The case where register values are provided later seems clear and OK, from what I can tell.
But I think I might be missing something regarding the other case. It is supposed to be compatible, right, so that any core and any coprocessor should be able to talk to eachother no matter what?
Is it supposed to be decided at build time which type of interface will be used? If so, shouldn't that be part of the interface specification itself as some kind of static control bit? Would both types of interfaces need to be supported by the all coprocessors or all cores? Both?
It seems complicated (at best) to allow for different behaviours at run-.time.
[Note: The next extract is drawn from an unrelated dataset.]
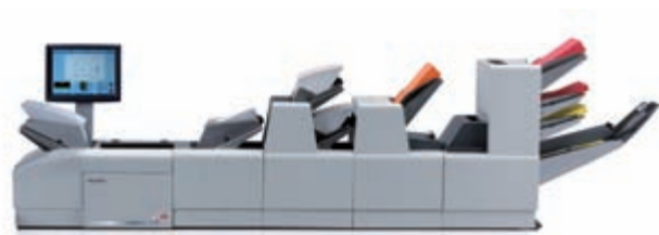
4 DOKUMENTEN-ZUFÜHRSTATIONEN 3 BEILAGENSCHÄCHTE + SAMMELBEREICH + AUSSTEUERFACH

Such as allowing one instruction to issue (late register values) and then then forcing the next one to halt waiting for values before being accepted (with the previous one receiving its values before the second one).
@jklockars do you have review comments on this PR?
The case where register values are provided later seems clear and OK, from what I can tell.
But I think I might be missing something regarding the other case. It is supposed to be compatible, right, so that any core and any coprocessor should be able to talk to eachother no matter what?
A coprocessor could have an elaboration time parameter to be configurable into either mode (maybe it's a good idea to add one). However, there is no way to force an implementer of the interface to support both.
Is it supposed to be decided at build time which type of interface will be used? If so, shouldn't that be part of the interface specification itself as some kind of static control bit? Would both types of interfaces need to be supported by the all coprocessors or all cores? Both?
It seems complicated (at best) to allow for different behaviours at run-.time. Such as allowing one instruction to issue (late register values) and then then forcing the next one to halt waiting for values before being accepted (with the previous one receiving its values before the second one).
Clearly this would not be a run-time parameter
I have added a parameter for the split between issue and register interface. From my point of view, this completes this PR. I have squashed the commits, and the PR should be ready for approval
Final call. This PR has been under review for a month now. If nothing else comes up, I would merge this on Wednesday. So please let me know if anything else needs to be changed.